[wg-parallel] About Lwt and Async

Jeremie Dimino jdimino at janestreet.com
Mon Apr 29 11:49:10 BST 2013


On Mon, Apr 29, 2013 at 11:38 AM, Mark Shinwell
<mshinwell at janestreet.com> wrote:
> I might be misunderstanding something about Lwt here, but as far as I
> see it, this latter point is quite important.  I believe one of the
> most important features of Async is the fact that you cannot be
> interrupted "between binds" by some arbitrary other job---whereas I
> do not think that is the case with the Lwt semantics (as far as I know,
> the equivalent to filling an ivar could cause something else to be
> run immediately; is that correct?).

You are right.  The equivalent of Ivar.fill is Lwt.wakeup (not wait,
my mistake) and it runs all thunk functions immediately.  However I
believe that people don't often rely on this behavior and changing it
to be the same as async wouldn't be a problem.  In fact there is
already a Lwt.wakeup_later function in lwt since Lwt.wakeup can be
problematic.

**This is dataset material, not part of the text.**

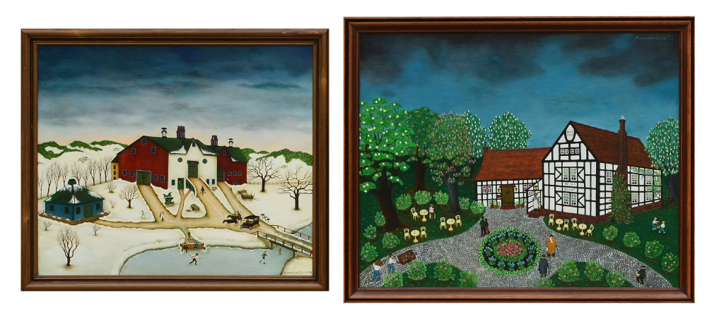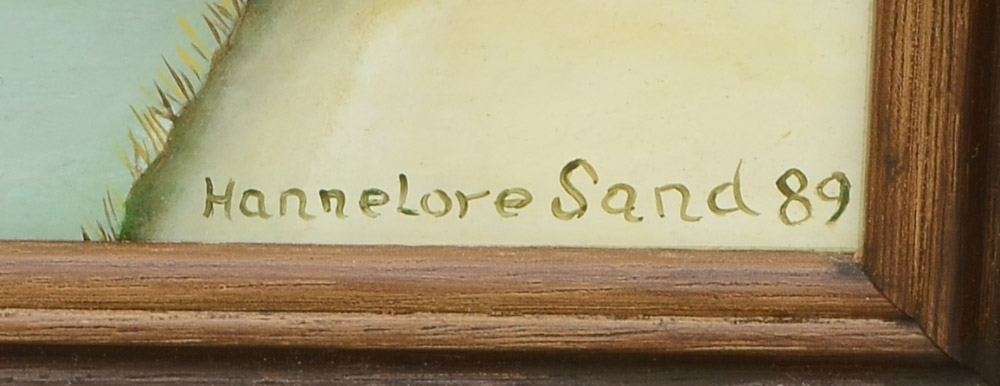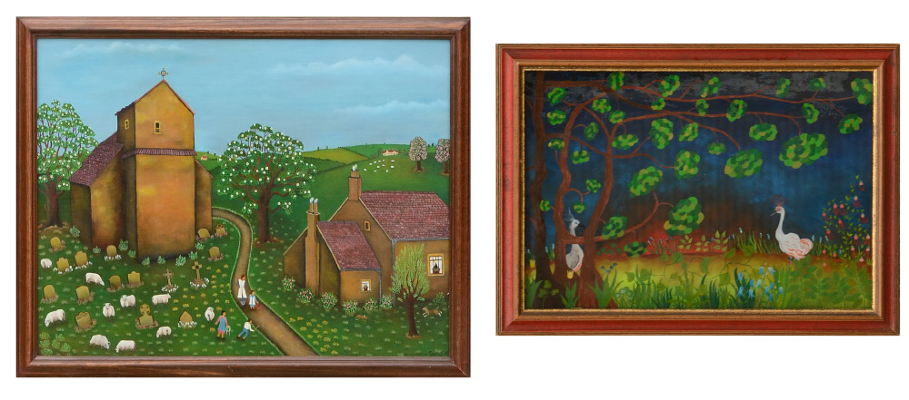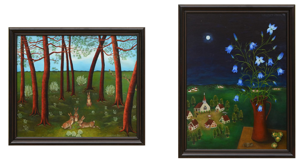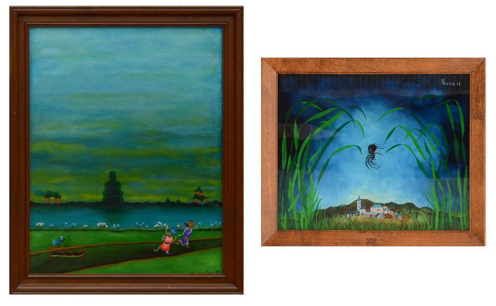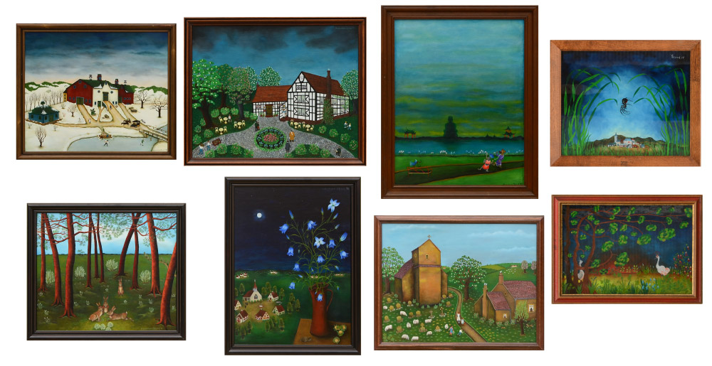 SAND, Hannelor, (American, 20th Century): 8 Surreal Primitive Folk Style Paintings to include 1) Nocturnal Scene with Flower Vase and Village View, Oil/Linen, sight size 24'' x 18'', signed upper right, dated '95-'96 and titled ''Bellflowers Background'' verso, framed, 27'' x 20 3/4''; 2) ''In the Cotswolds'', Oil/Linen, sight size 18'' x 24'', signed lower right and dated '96, signed, titled, and dated verso, framed, 20 1/4'' x 26 1/2''; 3) ''It Could Be Worse'', Oil/Linen Mounted on Cardboard, sight size 20'' x 24'', signed lower right and dated '89, signed, titled, and dated verso, framed, 22 1/2'' x 26 1/2''; 4) ''Bangkok, the Emerald Buddha'', Oil/Canvas, sight size 22'' x 28'', signed lower right and dated '88, signed, titled, and dated verso, framed, 32'' x 26''; 5) ''In the Heart of England'', also known as ''A Well-Known Restaurant in the Heart of England'', Oil/Canvas, sight size 22'' x 28'', signed upper right and dated '95, signed, titled, and dated verso, framed, 24 1/2'' x 30 1/2''; 6) Black Widow Spider with Village in the Distance, Reverse Painting on Glass, sight size 14 1/2'' x 17 3/4'', signed upper right and dated '77, oak frame, 17 1/2'' x 20 3/4''; 7) Rabbits in Forest, Oil/Linen, sight size 18'' x 22'', signed lower right and dated' 90, framed, 20 1/2'' x 24 1/2''; 8) Two Peacocks Meeting in Forest, Reverse Painting on Glass, sight size 12'' x 17 1/2'', signed upper left, framed, 15'' x 20 1/2''.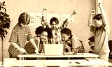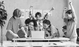 Cheerful schoolkids looking at laptop screen and celebrate successful completion of collective school work during online lesson.

It used to cause a stack overflow in Lwt_mutex for
instance.  That would require an addition to the signature of the Lwt
module to still be able to use it in an environment without a
scheduler (basically running all pending jobs).

> I think it's worth noting the [Monitor] construct of Async here,
> which encapsulates jobs with wrappers to direct any exceptions they
> might throw to appropriate places.

Indeed.  In lwt such exceptions are captured inside the lwt monad.